In the second half of the 2002–03 season, he had a short stint as assistant coach of the Hamilton Bulldogs of the AHL.

Ireland joined the coaching staff of AHL's Grand Rapids Griffins, affiliate to the Detroit Red Wings, in 2003, serving two years as assistant, before being promoted to head coach in February 2005. The Griffins made the Calder Cup playoff semifinals in Ireland's first full season as head coach (2005–06). Ireland stayed on the job until 2007 and then was appointed as head coach of the San Antonio Rampage in August 2007. In November 2009, he was sacked by the AHL affiliate of the Phoenix Coyotes after a run of ten games without a win.

Ireland was hired by Swiss side HC Lugano in February 2011 only a couple of days before the start of the relegation round. His task was to keep the club in the top flight National League A which he did.

He signed with the Owen Sound Attack of the Ontario Hockey League in August 2011 and stepped down from his head coaching position in July 2015 to accept an offer from Germany: He signed with Adler Mannheim, defending champion of the German elite league Deutsche Eishockey Liga, for the 2015–16 campaign, but was sacked in February 2016 after a five-game losing streak. The Adler Mannheim CEO said in a statement, the team had displayed a lack of consistency throughout the season.

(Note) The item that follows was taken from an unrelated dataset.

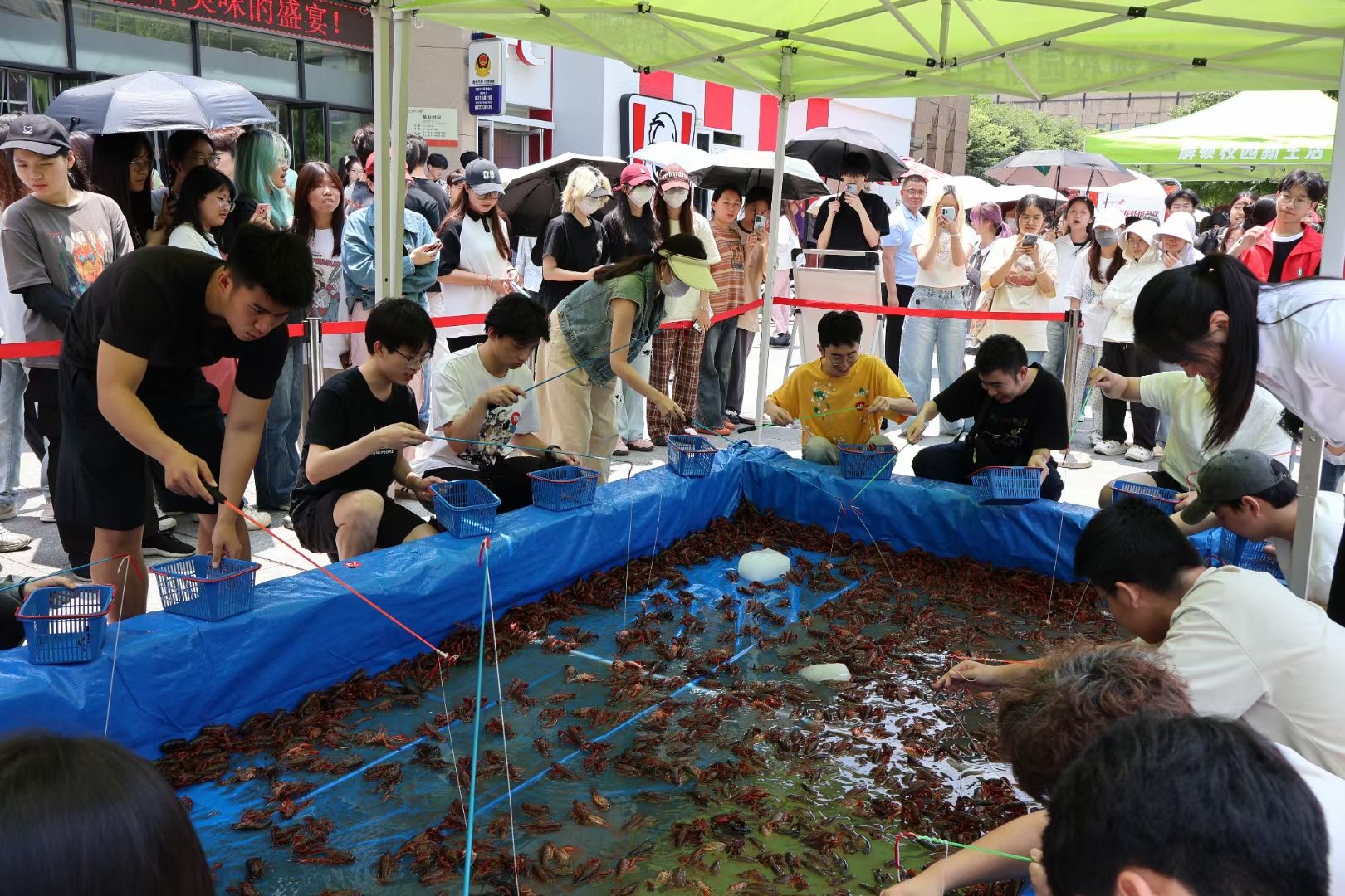 活动前期,双方精心策划、细致准备。活动当日,现场热闹非凡,学生们迫不及待地拿起钓竿,系上饵料,投入到这场别开生面的“垂钓大战”中,期待着与龙虾的“亲密接触”,以换取同等重量的各种口味龙虾美食。每当有人成功钓起一只龙虾时,现场便响起一片欢呼声,现场充满了欢笑与惊喜。
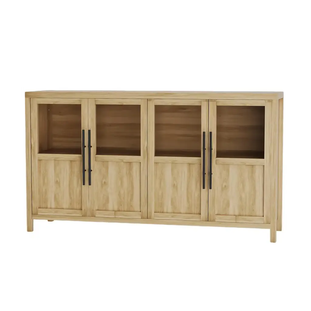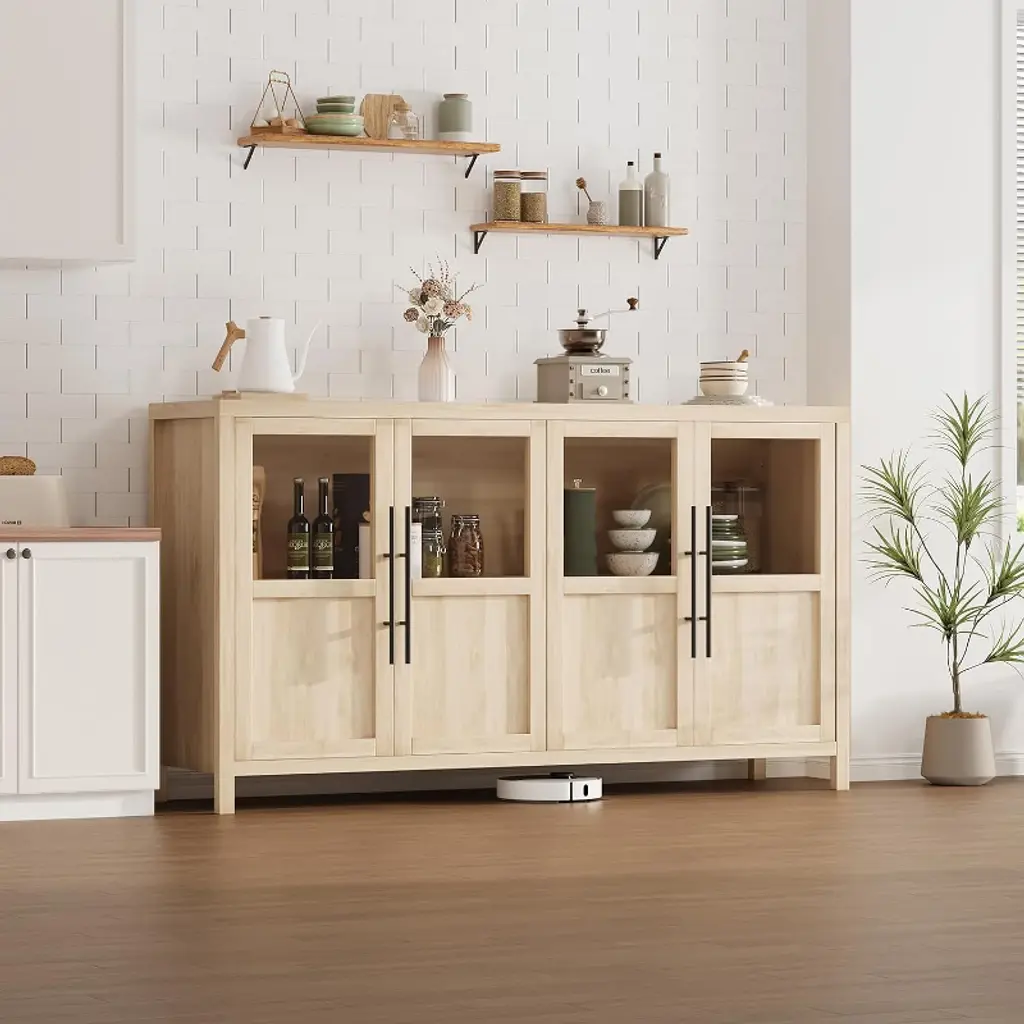 Discover the perfect blend of style and storage with this 55'' large sideboard buffet cabinet! Elevate your space with this elegant piece that keeps your items organized and beautifully displayed.Highlights at a glance:This stunning piece features elegant glass doors that showcase your beautiful tableware while keeping everything neatly organized.Crafted from robust engineered wood, this buffet cabinet is designed for lasting use, supported by sturdy metal hardware for added strength.The central shelf maximizes space, while the spacious tabletop is perfect for placing your coffee maker and decorative items, combining functionality with style in this versatile 4 door kitchen cabinet.Its simple yet chic design complements various styles, making it a timeless addition to your home.Whether you're using it as a stylish buffet table, a kitchen storage cabinet, or a farmhouse coffee bar, this versatile glass door sideboard cabinet fits seamlessly into any dining room or living room decor.Specification:Size:15.75x33.86x55.12 inchesColor: white+natural / natural / blackMaterial: engineered wood+glass+metalPackage dimension: 57.87x18.50x6.69 inchesPackage weight: 101.41 lbsFriendly note:Please follow the steps in the instruction manual, arrange each panel by the numbered order, and complete the assembly.Packing list:Buffet cabinet x1Hardware bagsAssembly guide x1

On January 16, 2017, Ireland was named head coach of HC Lugano of the National League A (NLA). He led HCL to the NLA semifinals and was handed a two-year contract extension in April 2017. In March 2019, he parted ways with the club after losing 0-4 in the playoff quarterfinals against Zug.

On January 2, 2020, he was signed as new head coach of HC Bozen–Bolzano of the ICE Hockey League and on March 22, 2020 also accepted the job as head coach of the Italian men's national team.

On July 16, 2022, Ireland moved to the KHL after agreeing to become the head coach of Chinese club, Kunlun Red Star.